- Required work
The response must contain the complete data, printed exactly.

____________________

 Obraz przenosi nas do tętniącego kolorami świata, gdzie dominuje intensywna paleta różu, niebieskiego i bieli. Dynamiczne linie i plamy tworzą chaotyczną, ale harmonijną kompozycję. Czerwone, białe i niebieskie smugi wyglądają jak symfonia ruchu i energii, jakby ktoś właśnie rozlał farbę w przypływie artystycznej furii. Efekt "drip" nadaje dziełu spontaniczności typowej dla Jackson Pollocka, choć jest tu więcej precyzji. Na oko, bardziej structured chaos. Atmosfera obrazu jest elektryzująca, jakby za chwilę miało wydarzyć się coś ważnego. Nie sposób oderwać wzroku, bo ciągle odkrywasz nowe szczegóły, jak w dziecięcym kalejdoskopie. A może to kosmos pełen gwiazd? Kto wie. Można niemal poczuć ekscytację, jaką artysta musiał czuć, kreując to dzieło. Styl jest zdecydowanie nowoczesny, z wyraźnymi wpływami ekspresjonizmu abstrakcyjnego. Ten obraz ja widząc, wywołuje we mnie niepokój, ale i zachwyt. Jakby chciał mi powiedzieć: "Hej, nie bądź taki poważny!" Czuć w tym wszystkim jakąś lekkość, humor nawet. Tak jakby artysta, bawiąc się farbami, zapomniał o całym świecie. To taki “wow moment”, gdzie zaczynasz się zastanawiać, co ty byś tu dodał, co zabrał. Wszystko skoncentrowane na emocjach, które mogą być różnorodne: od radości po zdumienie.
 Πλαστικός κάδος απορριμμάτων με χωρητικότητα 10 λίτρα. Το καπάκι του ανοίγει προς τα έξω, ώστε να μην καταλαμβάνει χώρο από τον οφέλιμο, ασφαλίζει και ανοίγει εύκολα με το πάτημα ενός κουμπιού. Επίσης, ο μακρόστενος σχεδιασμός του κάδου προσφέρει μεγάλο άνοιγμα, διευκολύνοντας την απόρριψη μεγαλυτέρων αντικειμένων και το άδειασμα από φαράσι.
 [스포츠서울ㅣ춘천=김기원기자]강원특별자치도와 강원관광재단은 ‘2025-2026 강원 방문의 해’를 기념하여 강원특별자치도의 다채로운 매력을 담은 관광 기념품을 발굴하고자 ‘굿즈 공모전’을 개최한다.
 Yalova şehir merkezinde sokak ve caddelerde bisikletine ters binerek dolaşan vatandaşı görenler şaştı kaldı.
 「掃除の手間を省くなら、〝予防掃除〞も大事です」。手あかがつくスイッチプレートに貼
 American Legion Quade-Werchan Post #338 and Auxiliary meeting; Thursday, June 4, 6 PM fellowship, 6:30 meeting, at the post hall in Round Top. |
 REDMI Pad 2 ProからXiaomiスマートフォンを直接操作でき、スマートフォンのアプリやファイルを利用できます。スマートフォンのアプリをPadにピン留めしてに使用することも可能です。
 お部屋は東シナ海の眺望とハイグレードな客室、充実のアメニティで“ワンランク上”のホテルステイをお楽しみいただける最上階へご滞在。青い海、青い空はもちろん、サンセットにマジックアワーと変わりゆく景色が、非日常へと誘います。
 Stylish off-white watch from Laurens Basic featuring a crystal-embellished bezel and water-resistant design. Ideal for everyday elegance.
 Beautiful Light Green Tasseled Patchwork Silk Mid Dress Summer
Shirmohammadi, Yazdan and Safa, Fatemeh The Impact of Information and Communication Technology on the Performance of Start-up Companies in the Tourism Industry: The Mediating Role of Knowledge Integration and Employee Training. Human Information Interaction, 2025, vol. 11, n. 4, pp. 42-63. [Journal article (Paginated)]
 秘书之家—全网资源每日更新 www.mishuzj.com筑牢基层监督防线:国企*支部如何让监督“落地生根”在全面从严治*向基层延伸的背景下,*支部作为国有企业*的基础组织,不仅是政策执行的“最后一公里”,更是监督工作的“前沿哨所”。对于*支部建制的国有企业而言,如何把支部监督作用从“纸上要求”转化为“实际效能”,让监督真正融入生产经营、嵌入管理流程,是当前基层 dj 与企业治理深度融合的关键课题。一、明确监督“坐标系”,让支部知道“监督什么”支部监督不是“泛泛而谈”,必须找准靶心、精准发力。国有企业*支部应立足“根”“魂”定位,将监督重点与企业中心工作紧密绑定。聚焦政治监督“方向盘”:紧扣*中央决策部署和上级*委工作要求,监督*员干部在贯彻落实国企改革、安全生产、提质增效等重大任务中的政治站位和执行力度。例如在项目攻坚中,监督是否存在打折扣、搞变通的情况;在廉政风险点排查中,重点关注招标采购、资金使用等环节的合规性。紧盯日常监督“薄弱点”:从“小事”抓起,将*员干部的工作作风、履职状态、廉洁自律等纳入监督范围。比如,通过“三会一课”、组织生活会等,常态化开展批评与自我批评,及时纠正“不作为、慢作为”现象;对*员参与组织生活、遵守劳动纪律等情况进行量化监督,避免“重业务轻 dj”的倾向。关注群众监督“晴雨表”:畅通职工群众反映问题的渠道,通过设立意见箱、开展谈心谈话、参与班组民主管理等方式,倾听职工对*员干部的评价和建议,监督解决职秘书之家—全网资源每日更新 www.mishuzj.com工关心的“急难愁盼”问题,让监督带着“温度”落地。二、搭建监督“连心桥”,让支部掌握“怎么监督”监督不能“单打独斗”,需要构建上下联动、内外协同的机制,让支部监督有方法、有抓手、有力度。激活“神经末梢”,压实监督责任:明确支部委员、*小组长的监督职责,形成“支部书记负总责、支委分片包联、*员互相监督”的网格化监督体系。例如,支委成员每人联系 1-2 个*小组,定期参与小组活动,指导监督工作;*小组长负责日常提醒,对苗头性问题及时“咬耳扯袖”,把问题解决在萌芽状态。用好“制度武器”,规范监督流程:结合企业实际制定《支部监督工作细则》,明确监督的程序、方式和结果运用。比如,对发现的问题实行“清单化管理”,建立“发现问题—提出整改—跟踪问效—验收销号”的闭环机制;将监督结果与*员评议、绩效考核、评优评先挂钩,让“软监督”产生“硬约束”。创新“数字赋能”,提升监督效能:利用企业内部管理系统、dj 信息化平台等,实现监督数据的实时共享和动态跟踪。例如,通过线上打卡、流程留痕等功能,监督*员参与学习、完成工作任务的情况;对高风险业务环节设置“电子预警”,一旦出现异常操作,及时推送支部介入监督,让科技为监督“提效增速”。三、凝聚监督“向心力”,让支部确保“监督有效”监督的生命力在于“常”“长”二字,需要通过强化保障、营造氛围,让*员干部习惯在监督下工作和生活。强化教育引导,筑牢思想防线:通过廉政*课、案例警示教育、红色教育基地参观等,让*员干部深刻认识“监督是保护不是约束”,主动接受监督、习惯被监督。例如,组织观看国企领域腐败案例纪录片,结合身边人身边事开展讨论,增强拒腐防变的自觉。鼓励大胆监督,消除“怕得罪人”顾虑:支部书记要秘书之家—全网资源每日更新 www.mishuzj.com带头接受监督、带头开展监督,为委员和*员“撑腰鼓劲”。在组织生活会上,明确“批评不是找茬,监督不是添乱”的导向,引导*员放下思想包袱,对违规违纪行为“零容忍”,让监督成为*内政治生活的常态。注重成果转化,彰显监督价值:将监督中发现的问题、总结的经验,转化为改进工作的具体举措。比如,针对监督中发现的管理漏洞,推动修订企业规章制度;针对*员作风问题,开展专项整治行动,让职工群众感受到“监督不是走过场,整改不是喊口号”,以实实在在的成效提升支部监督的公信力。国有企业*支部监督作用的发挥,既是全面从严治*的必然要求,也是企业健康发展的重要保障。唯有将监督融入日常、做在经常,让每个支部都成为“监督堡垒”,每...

____________________

- Written answer
 Obraz przenosi nas do tętniącego kolorami świata, gdzie dominuje intensywna paleta różu, niebieskiego i bieli. Dynamiczne linie i plamy tworzą chaotyczną, ale harmonijną kompozycję. Czerwone, białe i niebieskie smugi wyglądają jak symfonia ruchu i energii, jakby ktoś właśnie rozlał farbę w przypływie artystycznej furii. Efekt "drip" nadaje dziełu spontaniczności typowej dla Jackson Pollocka, choć jest tu więcej precyzji. Na oko, bardziej structured chaos. Atmosfera obrazu jest elektryzująca, jakby za chwilę miało wydarzyć się coś ważnego. Nie sposób oderwać wzroku, bo ciągle odkrywasz nowe szczegóły, jak w dziecięcym kalejdoskopie. A może to kosmos pełen gwiazd? Kto wie. Można niemal poczuć ekscytację, jaką artysta musiał czuć, kreując to dzieło. Styl jest zdecydowanie nowoczesny, z wyraźnymi wpływami ekspresjonizmu abstrakcyjnego. Ten obraz ja widząc, wywołuje we mnie niepokój, ale i zachwyt. Jakby chciał mi powiedzieć: "Hej, nie bądź taki poważny!" Czuć w tym wszystkim jakąś lekkość, humor nawet. Tak jakby artysta, bawiąc się farbami, zapomniał o całym świecie. To taki “wow moment”, gdzie zaczynasz się zastanawiać, co ty byś tu dodał, co zabrał. Wszystko skoncentrowane na emocjach, które mogą być różnorodne: od radości po zdumienie.
 Πλαστικός κάδος απορριμμάτων με χωρητικότητα 10 λίτρα. Το καπάκι του ανοίγει προς τα έξω, ώστε να μην καταλαμβάνει χώρο από τον οφέλιμο, ασφαλίζει και ανοίγει εύκολα με το πάτημα ενός κουμπιού. Επίσης, ο μακρόστενος σχεδιασμός του κάδου προσφέρει μεγάλο άνοιγμα, διευκολύνοντας την απόρριψη μεγαλυτέρων αντικειμένων και το άδειασμα από φαράσι.
 [스포츠서울ㅣ춘천=김기원기자]강원특별자치도와 강원관광재단은 ‘2025-2026 강원 방문의 해’를 기념하여 강원특별자치도의 다채로운 매력을 담은 관광 기념품을 발굴하고자 ‘굿즈 공모전’을 개최한다.
 Yalova şehir merkezinde sokak ve caddelerde bisikletine ters binerek dolaşan vatandaşı görenler şaştı kaldı.
 「掃除の手間を省くなら、〝予防掃除〞も大事です」。手あかがつくスイッチプレートに貼
 American Legion Quade-Werchan Post #338 and Auxiliary meeting; Thursday, June 4, 6 PM fellowship, 6:30 meeting, at the post hall in Round Top. |
 REDMI Pad 2 ProからXiaomiスマートフォンを直接操作でき、スマートフォンのアプリやファイルを利用できます。スマートフォンのアプリをPadにピン留めしてに使用することも可能です。
 お部屋は東シナ海の眺望とハイグレードな客室、充実のアメニティで“ワンランク上”のホテルステイをお楽しみいただける最上階へご滞在。青い海、青い空はもちろん、サンセットにマジックアワーと変わりゆく景色が、非日常へと誘います。
 Stylish off-white watch from Laurens Basic featuring a crystal-embellished bezel and water-resistant design. Ideal for everyday elegance.
 Beautiful Light Green Tasseled Patchwork Silk Mid Dress Summer
Shirmohammadi, Yazdan and Safa, Fatemeh The Impact of Information and Communication Technology on the Performance of Start-up Companies in the Tourism Industry: The Mediating Role of Knowledge Integration and Employee Training. Human Information Interaction, 2025, vol. 11, n. 4, pp. 42-63. [Journal article (Paginated)]
 秘书之家—全网资源每日更新 www.mishuzj.com筑牢基层监督防线:国企*支部如何让监督“落地生根”在全面从严治*向基层延伸的背景下,*支部作为国有企业*的基础组织,不仅是政策执行的“最后一公里”,更是监督工作的“前沿哨所”。对于*支部建制的国有企业而言,如何把支部监督作用从“纸上要求”转化为“实际效能”,让监督真正融入生产经营、嵌入管理流程,是当前基层 dj 与企业治理深度融合的关键课题。一、明确监督“坐标系”,让支部知道“监督什么”支部监督不是“泛泛而谈”,必须找准靶心、精准发力。国有企业*支部应立足“根”“魂”定位,将监督重点与企业中心工作紧密绑定。聚焦政治监督“方向盘”:紧扣*中央决策部署和上级*委工作要求,监督*员干部在贯彻落实国企改革、安全生产、提质增效等重大任务中的政治站位和执行力度。例如在项目攻坚中,监督是否存在打折扣、搞变通的情况;在廉政风险点排查中,重点关注招标采购、资金使用等环节的合规性。紧盯日常监督“薄弱点”:从“小事”抓起,将*员干部的工作作风、履职状态、廉洁自律等纳入监督范围。比如,通过“三会一课”、组织生活会等,常态化开展批评与自我批评,及时纠正“不作为、慢作为”现象;对*员参与组织生活、遵守劳动纪律等情况进行量化监督,避免“重业务轻 dj”的倾向。关注群众监督“晴雨表”:畅通职工群众反映问题的渠道,通过设立意见箱、开展谈心谈话、参与班组民主管理等方式,倾听职工对*员干部的评价和建议,监督解决职秘书之家—全网资源每日更新 www.mishuzj.com工关心的“急难愁盼”问题,让监督带着“温度”落地。二、搭建监督“连心桥”,让支部掌握“怎么监督”监督不能“单打独斗”,需要构建上下联动、内外协同的机制,让支部监督有方法、有抓手、有力度。激活“神经末梢”,压实监督责任:明确支部委员、*小组长的监督职责,形成“支部书记负总责、支委分片包联、*员互相监督”的网格化监督体系。例如,支委成员每人联系 1-2 个*小组,定期参与小组活动,指导监督工作;*小组长负责日常提醒,对苗头性问题及时“咬耳扯袖”,把问题解决在萌芽状态。用好“制度武器”,规范监督流程:结合企业实际制定《支部监督工作细则》,明确监督的程序、方式和结果运用。比如,对发现的问题实行“清单化管理”,建立“发现问题—提出整改—跟踪问效—验收销号”的闭环机制;将监督结果与*员评议、绩效考核、评优评先挂钩,让“软监督”产生“硬约束”。创新“数字赋能”,提升监督效能:利用企业内部管理系统、dj 信息化平台等,实现监督数据的实时共享和动态跟踪。例如,通过线上打卡、流程留痕等功能,监督*员参与学习、完成工作任务的情况;对高风险业务环节设置“电子预警”,一旦出现异常操作,及时推送支部介入监督,让科技为监督“提效增速”。三、凝聚监督“向心力”,让支部确保“监督有效”监督的生命力在于“常”“长”二字,需要通过强化保障、营造氛围,让*员干部习惯在监督下工作和生活。强化教育引导,筑牢思想防线:通过廉政*课、案例警示教育、红色教育基地参观等,让*员干部深刻认识“监督是保护不是约束”,主动接受监督、习惯被监督。例如,组织观看国企领域腐败案例纪录片,结合身边人身边事开展讨论,增强拒腐防变的自觉。鼓励大胆监督,消除“怕得罪人”顾虑:支部书记要秘书之家—全网资源每日更新 www.mishuzj.com带头接受监督、带头开展监督,为委员和*员“撑腰鼓劲”。在组织生活会上,明确“批评不是找茬,监督不是添乱”的导向,引导*员放下思想包袱,对违规违纪行为“零容忍”,让监督成为*内政治生活的常态。注重成果转化,彰显监督价值:将监督中发现的问题、总结的经验,转化为改进工作的具体举措。比如,针对监督中发现的管理漏洞,推动修订企业规章制度;针对*员作风问题,开展专项整治行动,让职工群众感受到“监督不是走过场,整改不是喊口号”,以实实在在的成效提升支部监督的公信力。国有企业*支部监督作用的发挥,既是全面从严治*的必然要求,也是企业健康发展的重要保障。唯有将监督融入日常、做在经常,让每个支部都成为“监督堡垒”,每...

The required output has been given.